Thomas D M Thompson said:


> From that it can be established women have no problems getting attention and affection unlike guys.


AH! This is the key. You deny that the need even exists in West. It is best to bring up some key questions.


*1. *Are western women *completely satisfied* with the men they attract?

*2.* Are they getting the kind of attention and affection *they want* from the kind of *men they like*?

*3.* Will a typical host, considered to be the most charming and handsome among men, normally expend his *time and energy* on the *average woman*?



My opinion:

If there is ever a slight *no* then there is an opportunity for a *service* to be provided.

I don't believe that a western man who might do well as a host is normally out there providing this service for free to every woman he meets. You have to admit that there is scarcity and that women have problems getting what they want from men. As women become more financially independent, these services ought to become more available. Someone only has to respond and surmount the obstacles.


----------



## Thomas D M Thompson (Sep 14, 2011)

Palaver said:


> AH! This is the key. You deny that the need even exists in West. It is best to bring up some key questions.
> 
> 
> *1. *Are western women *completely satisfied* with the men they are capable of attracting?
> ...


Well, tell ya what, you put down the capital and I'll run the business, toute suite! /claps


----------



## Palaver (Jan 5, 2010)

Thomas D M Thompson said:


> Well, tell ya what, you put down the capital and I'll run the business, toute suite! /claps





Hey! I'm the one selling the idea.


----------



## GoodOldDreamer (Sep 8, 2011)

Palaver said:


> It's all meant to make the female customer feel like a princess...


Yes, because we don't have enough princesses around already, am I right?

...

Anyway, how does getting drunk = Cinderella anyway? Distilled illusions ftw! IMHO, we have enough places in the West focused on drowning peoples lives away as it is already. We really don't need another. It'd be great to have a place open up that'd get people to treat each other with actual dignity and respect though. You know, when they're still sober enough to notice it. >_>


----------



## Swordsman of Mana (Jan 7, 2011)

why not have host clubs for men too. they could feed you grapes, give you a massage and make you feel like a king. hell, I'm gay and I'd go to one =P


----------



## Erbse (Oct 15, 2010)

GoodOldDreamer said:


> It'd be great to have a place open up that'd get people to treat each other with actual dignity and respect though. You know, when they're still sober enough to notice it. >_>


Got plenty of those, matter of fact however being that most people don't care for those establishments but rather stick to the alternatives. People create their own misery after all.


----------



## R2-D2 (Mar 6, 2010)

Thomas D M Thompson said:


> Every woman in the video was a prostitute or worked for what's called a Soap company otherwise known as fukuzi (sp?). It isnt always full on sex but it is sexual foreplay. You did see the documentary right? They are the only ones that can afford the clubs extravagant costs. (up to 5 grand a night for some)

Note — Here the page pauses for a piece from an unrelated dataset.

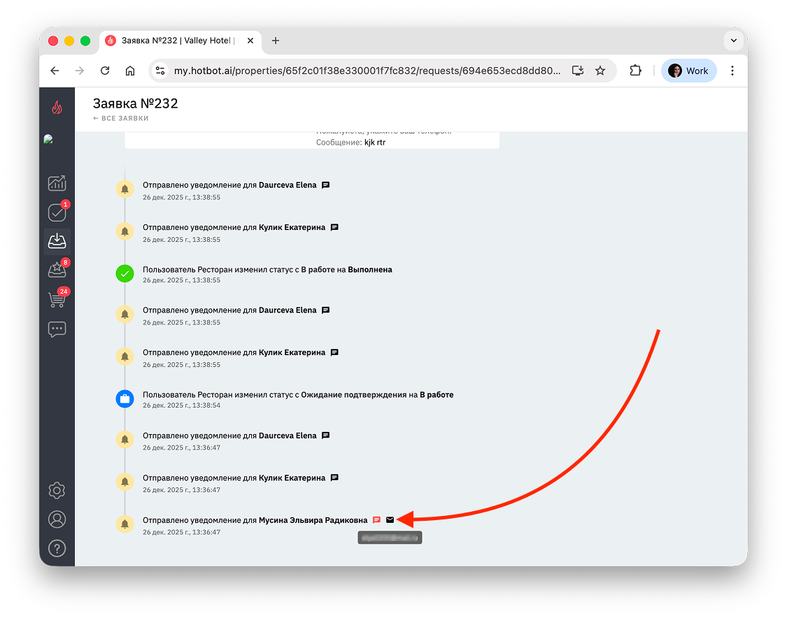 - Детали заявки — здесь отображается само обращение гостя.
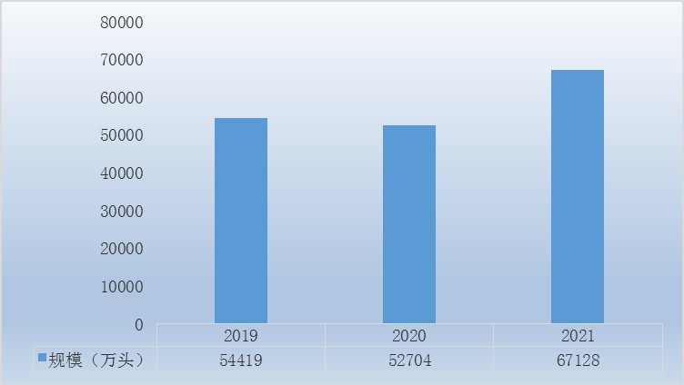 2017年全国生猪出栏68861万头;2018年我国共出栏生猪69382万头;2019年生猪出栏54419万头。2021年全国生猪出栏67128万头,相较于2020年的不足5.3亿头,大幅增长27.4%。

it's not just prostitutes or women in the sort of business you're talking about. a friend of mine has told me about a friend of hers who often frequents host bars in south korea (where the concept is the same), and she's just an average woman. then again, she's also married to a millionaire. not sure if he knows what she spends her money on when he's not around.


----------



## Fleetfoot (May 9, 2011)

I'm ready for a host club!! Send them over!


----------



## Thomas D M Thompson (Sep 14, 2011)

kangaroo said:


> it's not just prostitutes or women in the sort of business you're talking about. a friend of mine has told me about a friend of hers who often frequents host bars in south korea (where the concept is the same), and she's just an average woman. then again, she's also married to a millionaire. not sure if he knows what she spends her money on when he's not around.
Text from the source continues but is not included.